Stored records
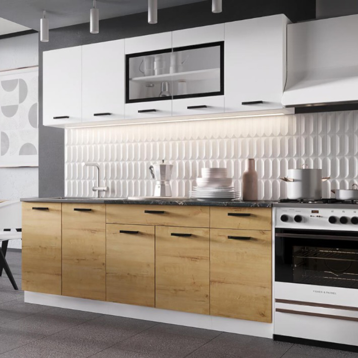 Кухня Брауни 2 м Белый гладкий/Дуб Вотан со столешницей Мрамор черный/Мальва
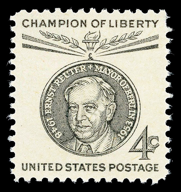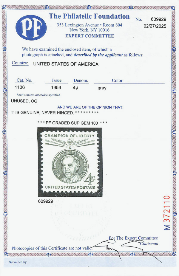 7382 nh 1136 image1959, 4¢ Champion of Liberty: Ernst Reuter (Scott 1136), o.g., never hinged, Superb, with 2025 P.F. certificate graded GEM 100.
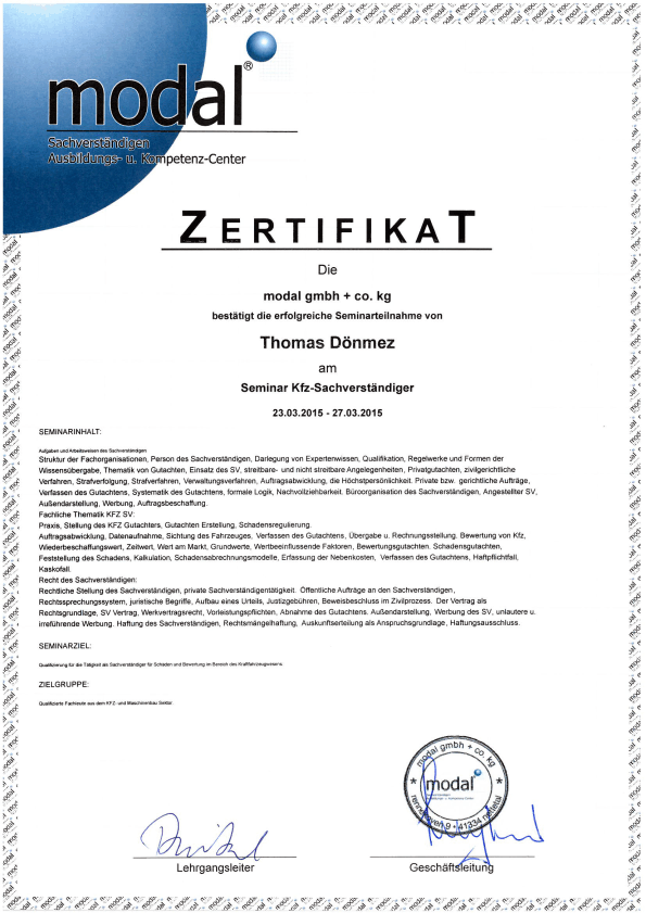 modal Zertifikat Seminar Kfz-Sachverständiger
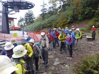 ロープウェイ天元台高原に到着後、歩いてリフト1基目からザックを前にして2人ずつ乗車する。時々止まったりゆっくりになったりしていたので、リフトの管理の方が乗り降りに配慮していることが分かった。
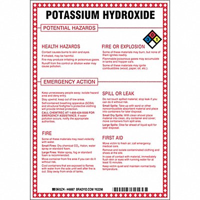 Chemical Sign Potassium Hydroxide Potential Hazards Fiberglass Height 10 In. Width 7 In. Header No Header Legend Style Symbol and Text Language English Mounting Style Surface Thickness 0.100 In. Sign Shape Rectangle Operating Temp Range -40 Degrees to 194 Degrees F Retroreflective Grade Not Retroreflective
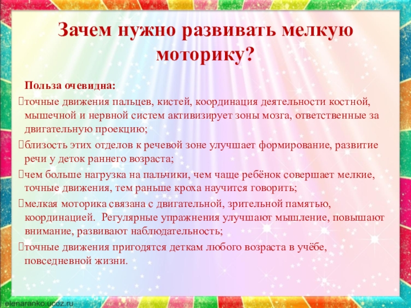 Слайд 5Зачем нужно развивать мелкую моторику?
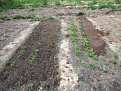 Hier ist noch nicht viel zu sehen, aber die Karotten spitzen schon raus und der Spinat wächst auch schon gut.
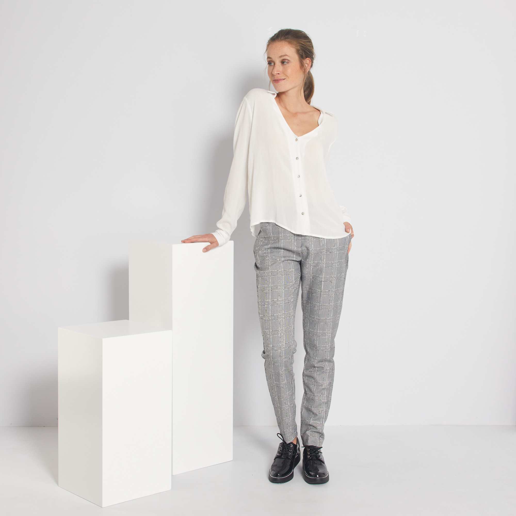 Broek met pied-de-puce-print
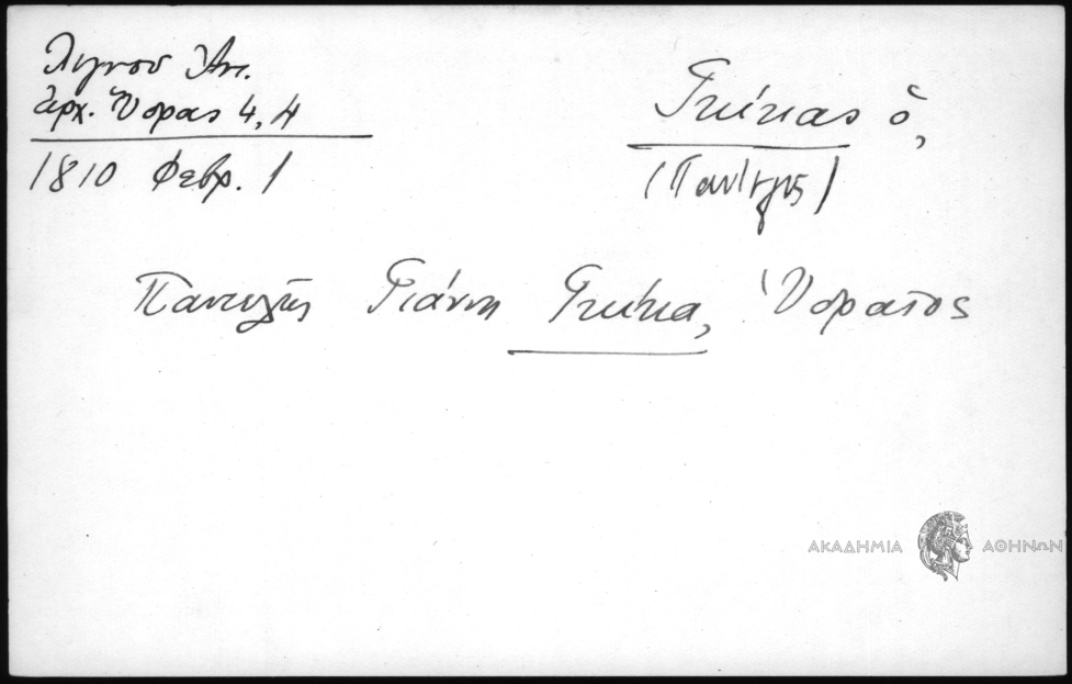 - 1810 Φεβρ. 1 Παντελής Γιάννη Γκίκα, Υδραίος
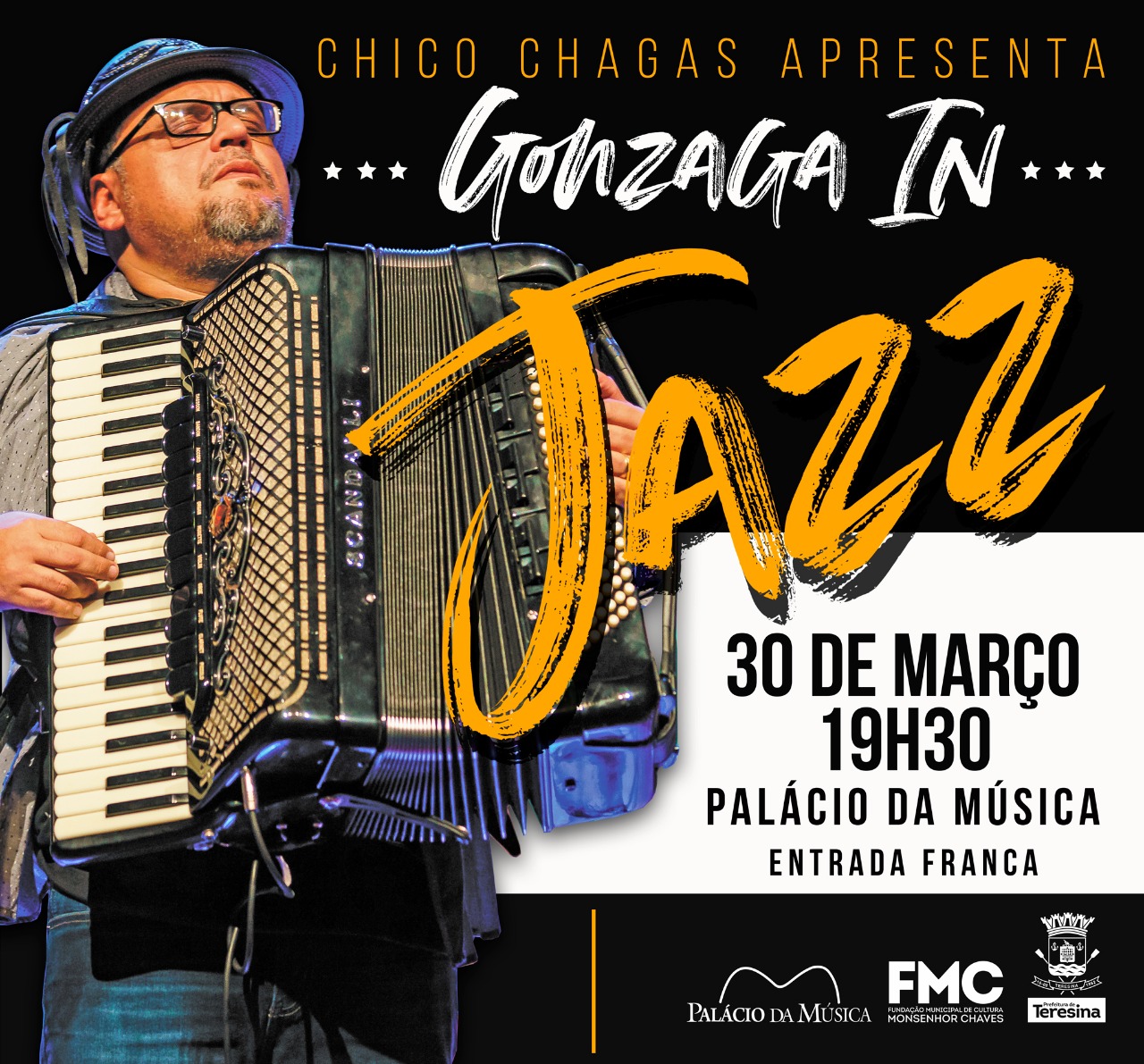 Chico Chagas retorna a Teresina com o show Gonzaga in Jazz. Em sua segunda visita por terras teresinenses, o acordeonista, pianista, baixista, compositor e arranjador, apresenta o show “Gonzaga in Jazz” no Palácio da Música, às 19h30 do dia 30 de março, com entrada franca. O show foi criado em 2012, em homenagem aos 100 anos de Luiz Gonzaga, e será apresentado pela primeira vez no Piauí.
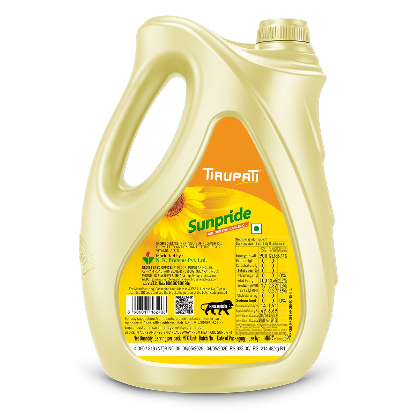 Ingredients: Refined Sunflower Oil, Permitted Antioxidant TBHQ (Food grade).
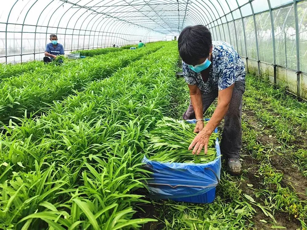 除此之外,合作社还对在地蔬菜品种进行调整,用空心菜、米苋、苦瓜、丝瓜、秋葵等耐高温蔬菜替代原来的鸡毛菜、小青菜等。“这几个耐热品种生长速度快,品质也有保证。”基地生产技术负责人杨梅表示。合作社大棚上方覆盖了黑色遮阳网,棚内喷淋设施也已准备到位,随时能为蔬菜降温。另外,基地还在原来的数量上增加了1倍的蔬菜在田面积,利用轮茬种植方式,保证每天的蔬菜产量维持在5吨左右。
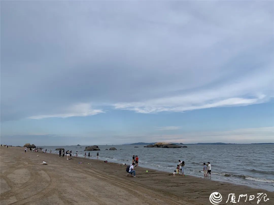 黄厝沙滩附近,滑翔伞项目附近区域游人众多。(记者拍摄供图)
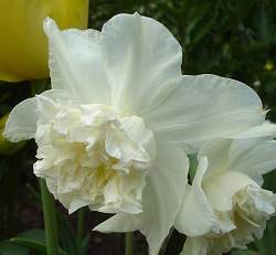 Нарцисс Calgary (Калгари). Чудо, а не нарцисс. Коронка крупная, махровая. Сам цветок раскрывается зеленоватым, а затем белеет.
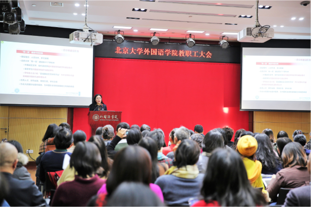 宁琦院长从“探索国际化人才培养模式”、“服务国家战略建设新增学科”、“全面深化师资队伍建设”和“2018年学院各项工作成效”四个方面详细介绍了2018年3003新葡平台登录入口的工作举措和实绩。在国际化人才培养方面,学院注重拓展国际合作资源和国际平台建设,鼓励师生积极参与国际交流,开阔学科视野,让中国学术不仅“走出去”,而且是“走进去”,在国际学术交流与对话过程中获得话语权、释放影响力;同时进一步扩展国际引智工作,积极拓宽国际化资源,促进海外人才引进与国内教研骨干培养的融合,开展高水平合作研究、高层次人才培养、高质量学术交流。在服务国家战略方面,学校自主设计的“区域国别交叉研究平台”为外语学科内涵发展提供了新的机遇和增长点,3003新葡平台登录入口依托北大的多学科优质资源和自身多语言研究优势,自主设立了“国别和区域研究”二级学科,逐步建立和完善人才培养模式和学术研究体系,结合国家需求,围绕“一带一路”沿线及周边国家的重大问题,布局重点建设方向,培养兼通中外文化、视野广阔的优秀人才,开展高水平和前瞻性的国别和区域研究。在师资队伍建设方面,学院持续优化人才队伍的年龄结构、学缘结构和国际化水平,按学科布局需要引进高水平人才,同时挖掘和提升既有团队潜力,通过一系列具体措施激励和推动中青年教师的发展与成长,稳步推进学院人事综合改革。宁琦院长与全体与会教职工分享了2018年度3003新葡平台登录入口在教学科研、队伍建设、人才培养和管理服务等方面所取得的各项成绩,衷心感谢外院师生对学院发展所给予的关心、理解和支持,正是在大家的共同参与和努力下,3003新葡平台登录入口才有今天这样不断超越自我的欣欣向荣的发展。
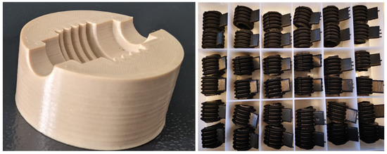The unfilled “ThermaX PEEK” from the company 3DX-Tech was examined. To examine the starting material, sample segments were cut directly from the filament. The printed samples were cubes with the dimensions 20 mm × 20 mm × 2 mm. In the first series of experiments, one cube with a build chamber temperature of 90 °C and another cube with a temperature of 150 °C were manufactured. Here, the build platform heating with a temperature of 150 °C and a nozzle velocity of 20 mm/s remained constant for both samples. The specimens were printed solid and had a layer thickness of 0.15 mm. In addition, they were manufactured on a socalled raft, i.e., a printed construction plate. Based on the results, a mold out of PEEK was then annealed and used to manufacture 100 rubber components (Figure 1).
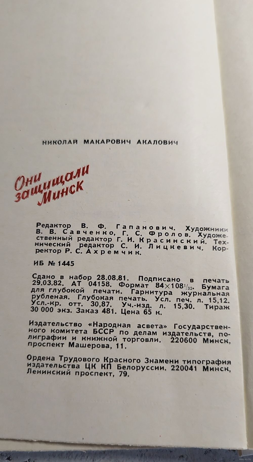 Акалович. Они защищали Минск. 1982. АВТОГРАФ АВТОРА
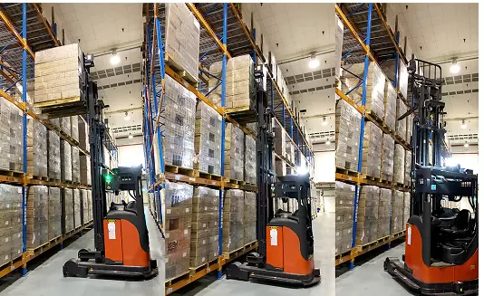 未来机器人前移式无人叉车-VNR系列,主要应用于室内货物上下架、室内货物堆叠场景,VNR无人叉车最大举升高度可达8.2m,于2019年正式进驻项目现场,创造了在3m窄通道内实现8m高位货物上下架的记录,满足更多场景需求。

» ACTION ITEM: All lines above from the one containing "Chico Chagas retorna" up to and including the one containing "Ingredients: Refined Sunflower" are to be set down exactly, and nothing else. Leave images out.

» TASK RESPONSE:
 Chico Chagas retorna a Teresina com o show Gonzaga in Jazz. Em sua segunda visita por terras teresinenses, o acordeonista, pianista, baixista, compositor e arranjador, apresenta o show “Gonzaga in Jazz” no Palácio da Música, às 19h30 do dia 30 de março, com entrada franca. O show foi criado em 2012, em homenagem aos 100 anos de Luiz Gonzaga, e será apresentado pela primeira vez no Piauí.
 Ingredients: Refined Sunflower Oil, Permitted Antioxidant TBHQ (Food grade).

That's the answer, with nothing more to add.